Scenes from quarantine, cont’d.

As in a dream or a Kafka story, I keep cutting my own bangs, yet they somehow remain the same length. I notice a strand (or two) that is suddenly as white as a cat’s whisker before wiping the trimmings from my face, the sink, the scissor blades. The task appears complete. But then, the very next day, my hair gets in my eyes again. Which either means it grows back overnight, or my forehead is shrinking?!?

Life under quarantine

What, exactly, does it tell us?
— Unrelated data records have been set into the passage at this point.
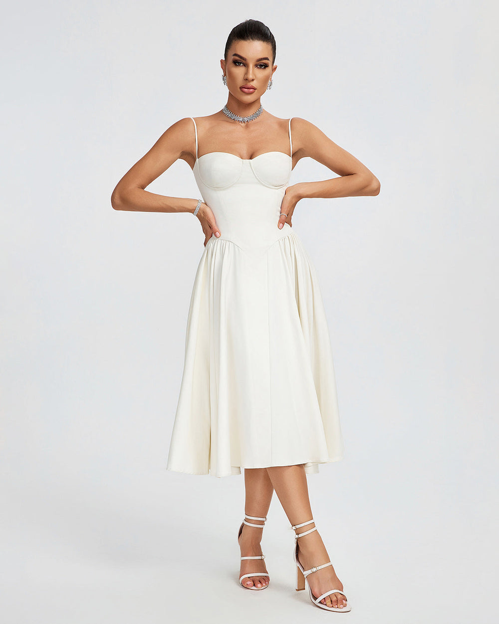 Achieve the perfect hourglass figure with our Beige Parfait Twill Corset Midi Dress. Crafted with high quality twill fabric and a figure flattering corset design, this dress hugs your curves in all the right places while providing comfort and style. Elevate your wardrobe with this must-have piece.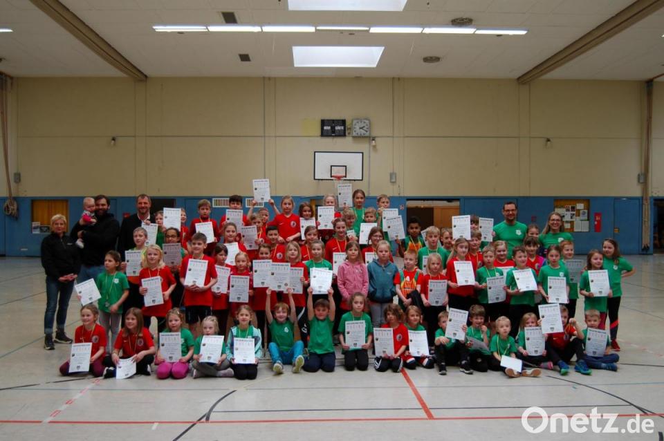 79 Kinder im Alter zwischen 3 und 11 Jahren aus den drei Vereinen TB Jahn Wiesau, ATS Mitterteich und ATSV Tirschenreuth traten dabei in einer Art „Stiftländer Meisterschaft“ gegeneinander an. Der Wettkampf wurde nach Ranglistenpunkten als Einzel-Vierkampf gewertet. Nach den Disziplinen 2x30m Hindernissprint, Medizinball-Stoßen, Hochsprung bzw. Hochweitsprung stand die letzte Disziplin an. Die Kinder lieferten sich je nach Alter eine oder zwei Hallenrunden heiße Positionskämpfe. Dabei wurden sie lautstark lang angefeuert. Besonders große Teilnehmerfelder gab es bei den Mädchen in den Jahrgängen 2012 und 2013 mit 12 bzw. 9 Kindern. Zahlreiche Eltern der 44 ATSV-Teilnehmer, aber auch fünf Gäste vom TB Wiesau betätigten sich als Helfer und trugen so maßgeblich zu einer gelungenen Kinderleichtathletik-Veranstaltung bei. Bei der Siegerehrung gab es für alle Teilnehmer Urkunden, die drei Erstplatzierten jedes Jahrgangs erhielten zusätzlich Medaillen.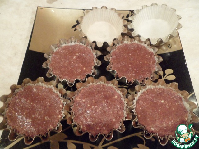 В формочки для кексов вкладываем бумажные вкладыши и заполняем, утрамбовывая, нашей шоколадной массой. Убираем в холодильник.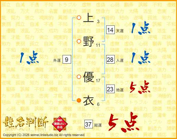 上(3画)野(11画) 優(17画)衣(6画)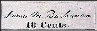 - Baltimore (twelve subjects: nine 5¢ stamps, three 10¢ stamps) (Note: Baltimore also employed three handstamps of the "James M. Buchanan" signature to imprint indicia on envelopes. The signature is not that of the future president, but of his cousin: James Madison Buchanan, the Postmaster of Baltimore.)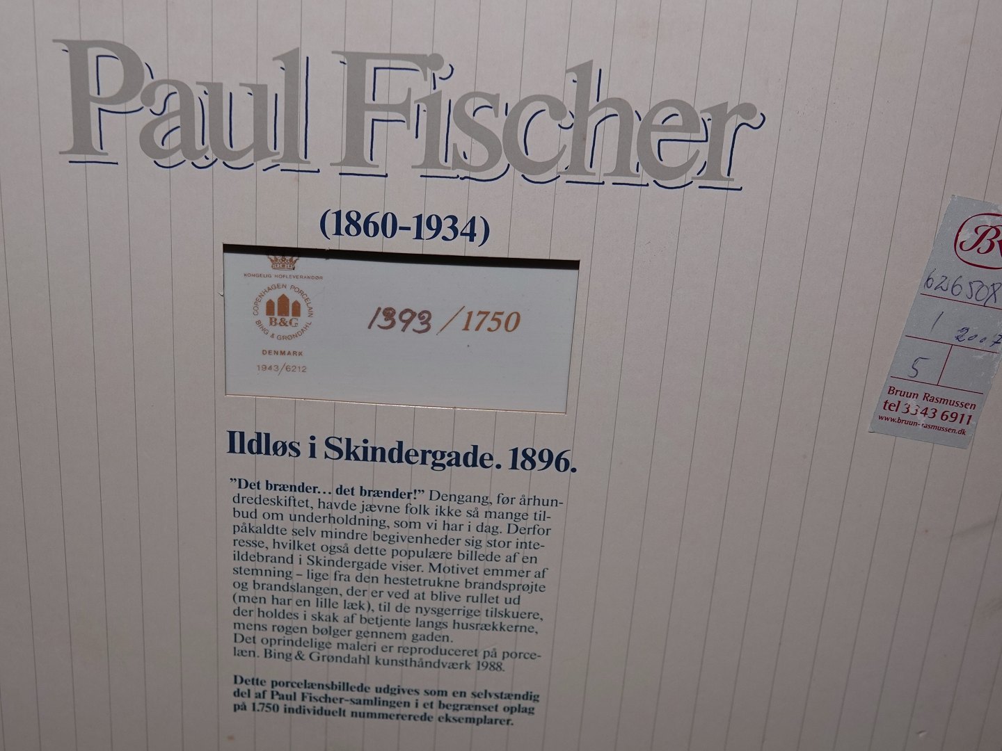 Bing & Grøndahl, porcelænsmaleri Ildløs i Skindergade efter maleri af Paul Fischer.

Several things:

  1. Even the simplest tasks are performed under a pervasive general strain on all of one’s faculties during this bizarre, sad, and maddening time.
  2. I am well enough, and my daughter is well enough, to undertake such simple, ostensibly heartening tasks.
  3. Somehow, we have an abundance of construction paper, but a dearth of the other kind (see below).
  4. I remain a perfectionist when it comes to many things, even under the shadow of a pandemic that, it would seem, might provide a welcome opportunity not to be SO. DAMN. ANAL.
  5. My daughter and I have creative differences.
  6. Our ability to reconcile these differences and complete the friggin’ rainbow has become an internalized metaphor for–and imagined predictor of–my own ability to get to the other side of this day, week, month, etc. in one piece.

As of right now, the rainbow remains… in progress. Will (try to) report back.